(Stored records)
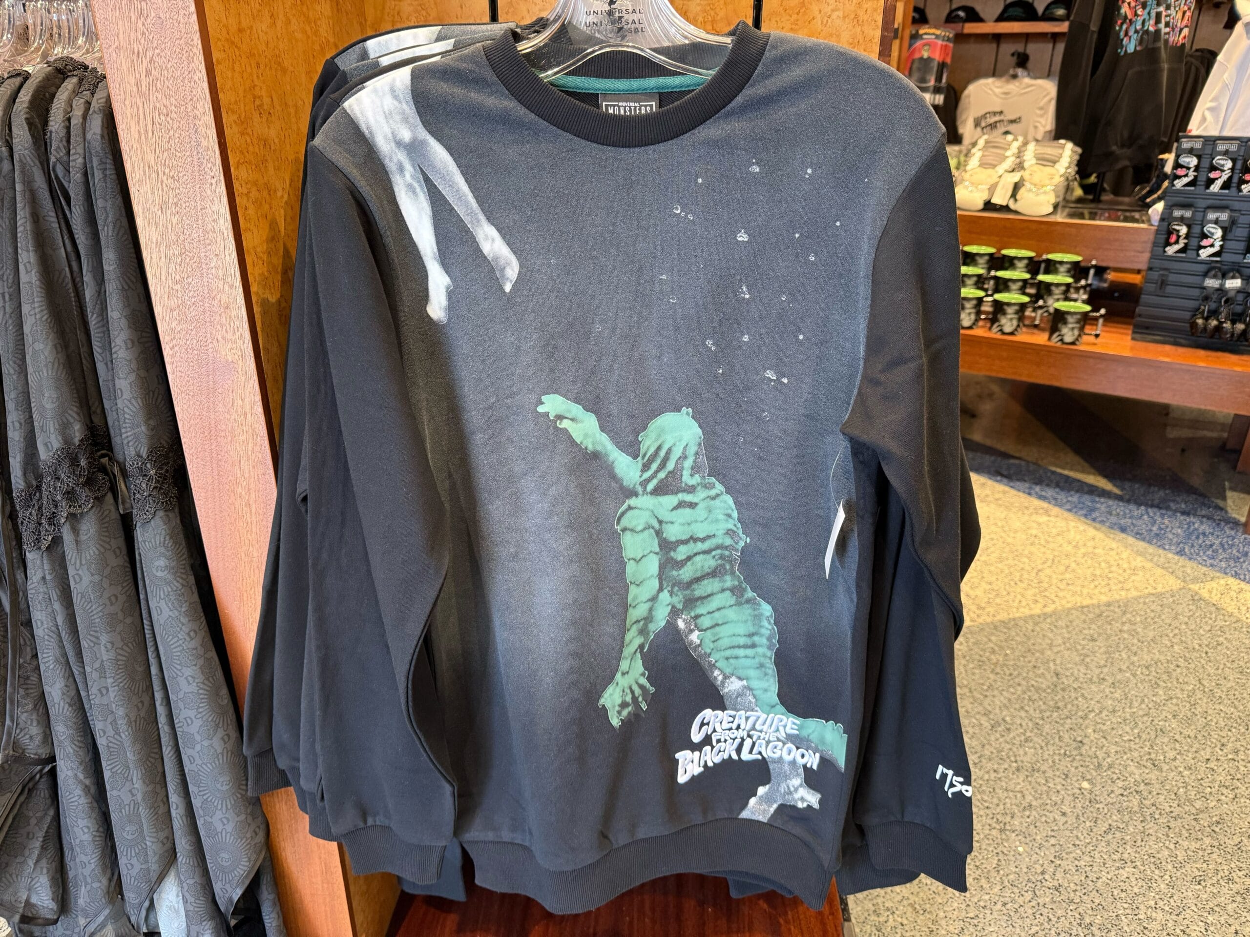 This black sweatshirt features screen art of the Creature swimming after a human. “Creature From the Black Lagoon” is embroidered in the lower corner.
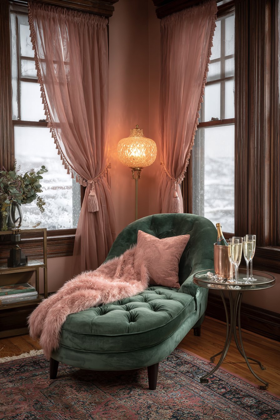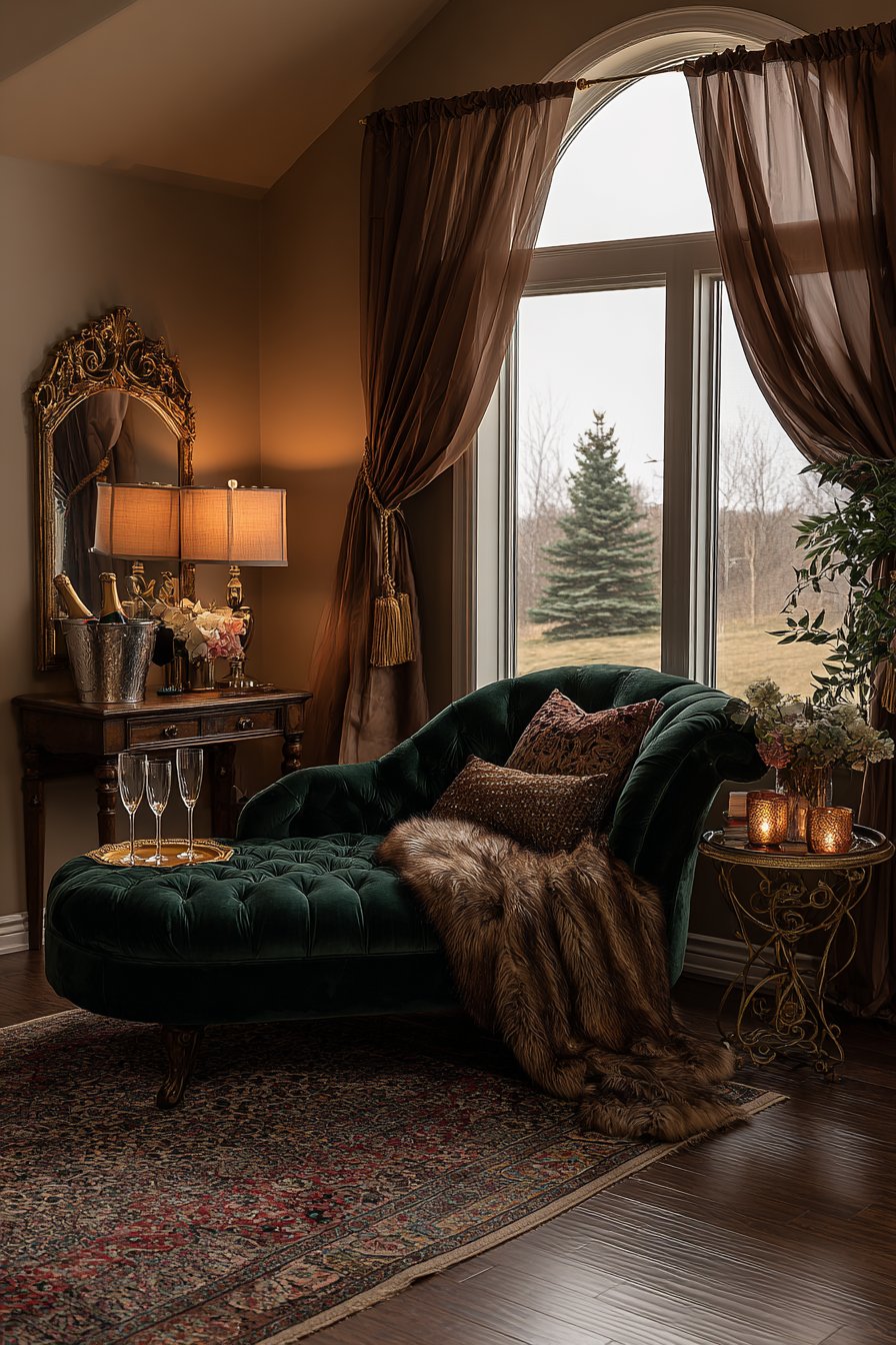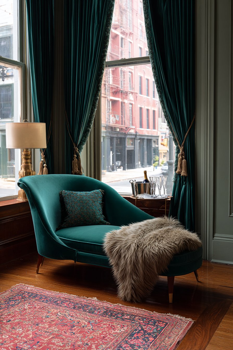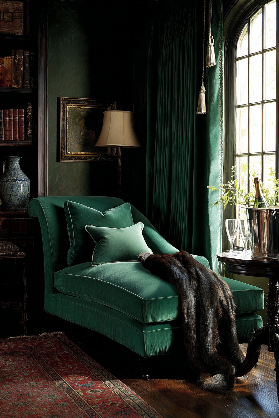 An intimate reading nook features a velvet chaise lounge in rich emerald tones. The jewel-tone upholstery makes a bold yet romantic statement. Positioned near a tall window, the chaise captures natural evening light. Heavy silk drapes frame the window with tasseled cord tiebacks.
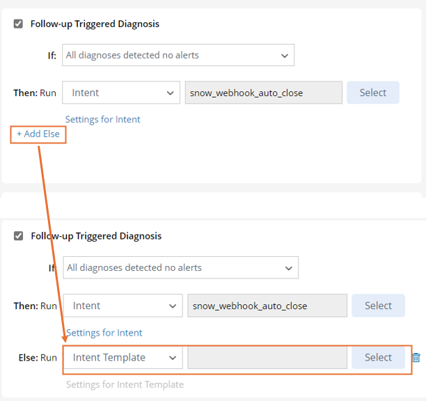 Example: Suppose the intent "Check Slow Application" is run several times and there is no alert, you can define follow-up triggered diagnosis to close ServiceNow ticket that triggered the automation. When there is alert generated, run the intent template "Auto Remediation" to remedy this issue.
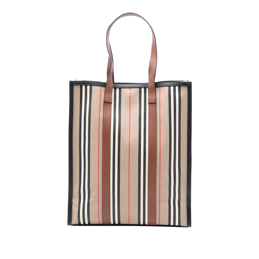 Burberry Icon Stripe Coated Canvas Tote Brown Large Canvas
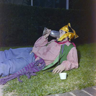 A guest in a colorful costume reclines on the grass, drinking from a large goblet at Governor Bob Graham's Mansion Party.

Directions for this task — All lines from the one holding "Burberry Icon Stripe" through the last line of the entries, and nothing else, are to be output exactly; leave out the pictures.

Response for this exercise —
 Burberry Icon Stripe Coated Canvas Tote Brown Large Canvas
 A guest in a colorful costume reclines on the grass, drinking from a large goblet at Governor Bob Graham's Mansion Party.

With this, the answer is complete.